Listen to this interviewwatch the interview video on YouTube, or continue reading.


Doug Powe: When it comes to worship planning resources, small churches are often an afterthought. How did you come to focus on this need?

Teresa Stewart: I think most pastors of smaller congregations recognize that the resources developed out of big congregations can’t simply be dragged and dropped into smaller settings. There just is something that doesn’t work. As a student pastor at a small congregation, I started realizing that not everything I expected to work really worked. And even though I had run like heck to get out of a small hometown, I fell back in love with the people, the patterns, and the practices in my particular small place. And I began writing resources for them, testing things, and trying new things to make sure the words I was putting in their mouths were their words offered in worship.

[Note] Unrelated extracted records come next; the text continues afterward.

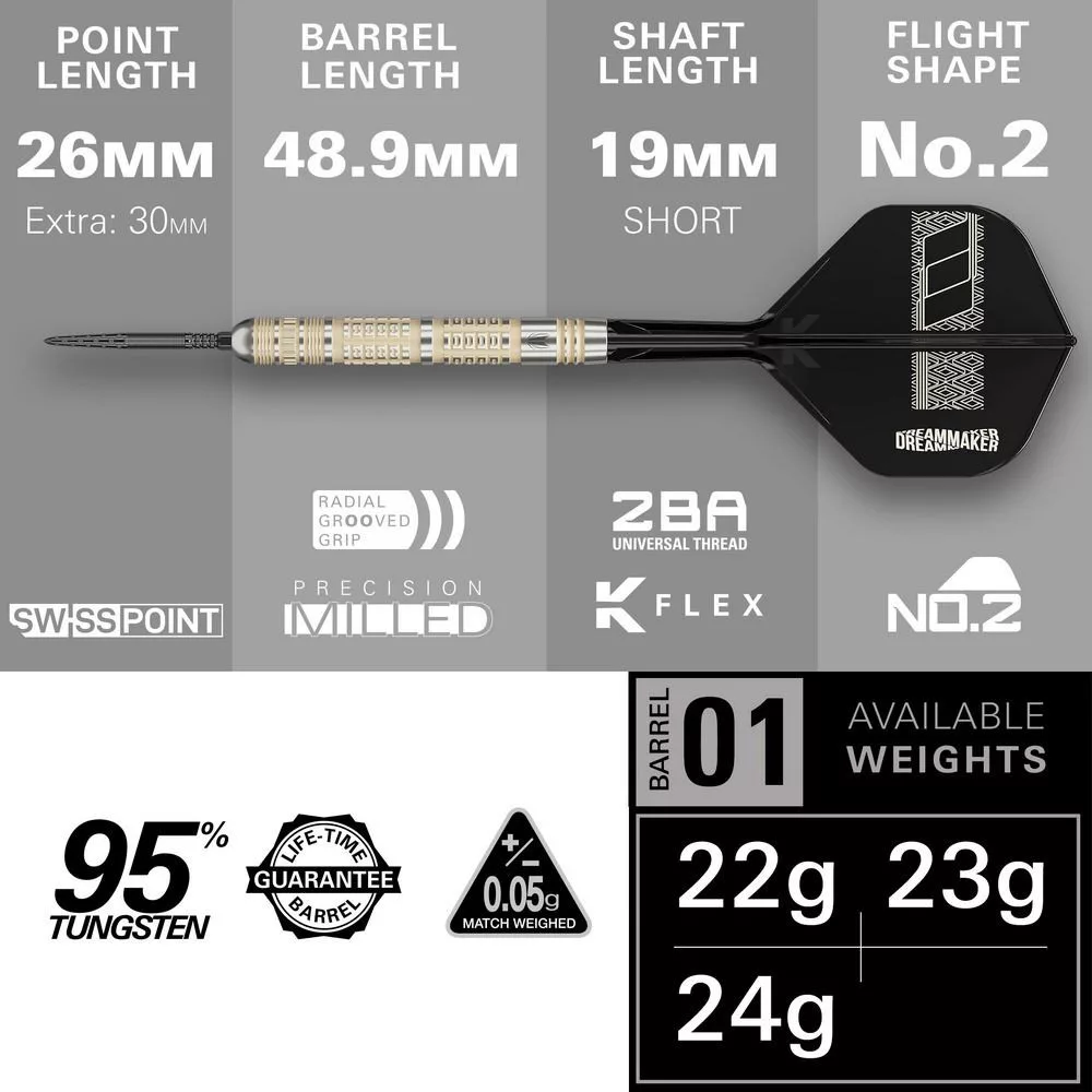 - Prémiový 95% wolfrámový barrel: Rovný profil a viaczónový grip (radiálne drážky + precízne štvorcové frézovanie) zaručujú výnimočnú kontrolu a konzistentné držanie.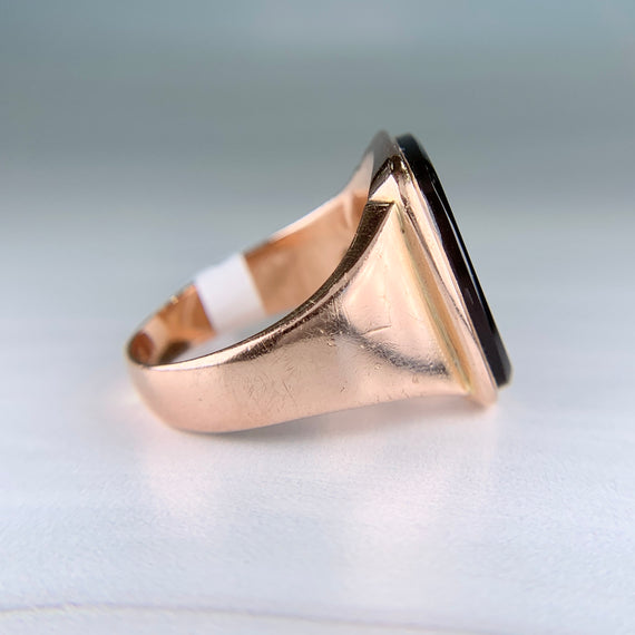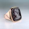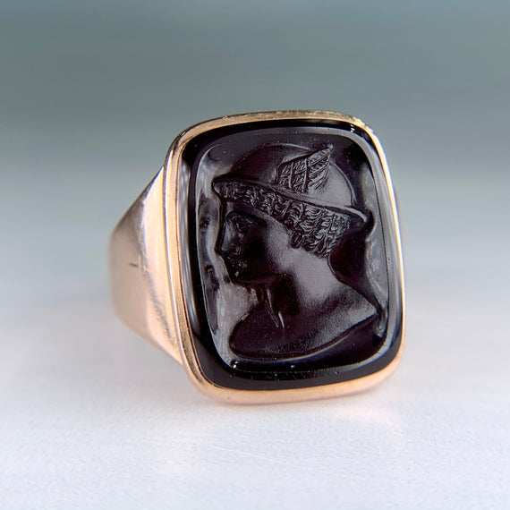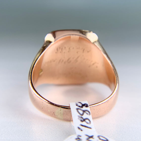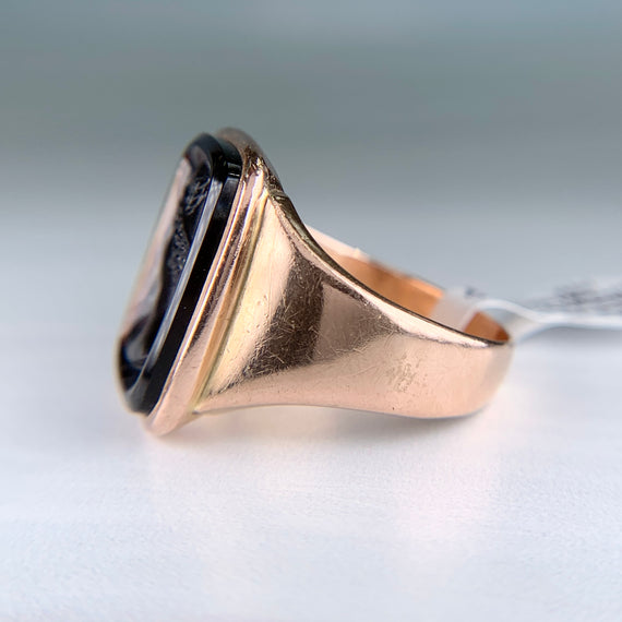 Antique Engraved 1888 Sardonyx Intaglio Ring 14k Yellow Gold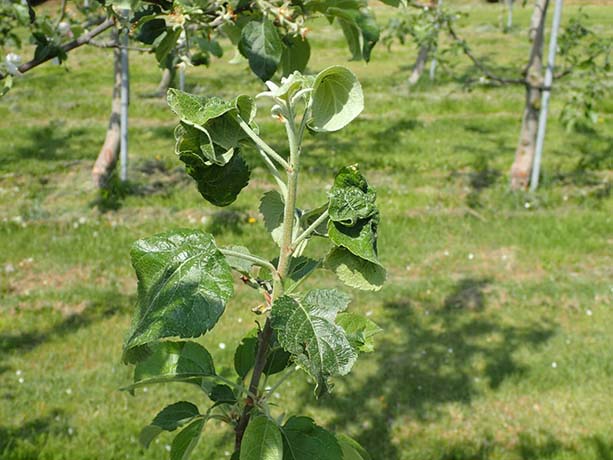 6月にリンゴから姿を消すので実害は少ない。発生が著しく多い場合は、薬剤を散布する。

And then a couple of terrific things happened. I was invited to teach worship and sacraments in the Course of Study, and I got a chance to watch pastors over the course of several semesters and years. During that time, I could kind of predict whose congregation was likely to flourish, not because they were necessarily the brightest students or had the best resourced church or denominational office, but because they were working a little bit differently. They were working off a different script. They were intuitively doing different things. And then, the Great Plains Conference graciously allowed me to teach three groups of laity and pastors over a year to develop and test resources. There really is a different set of tools for how worship can and should work in small places, but we’ve not necessarily been teaching them.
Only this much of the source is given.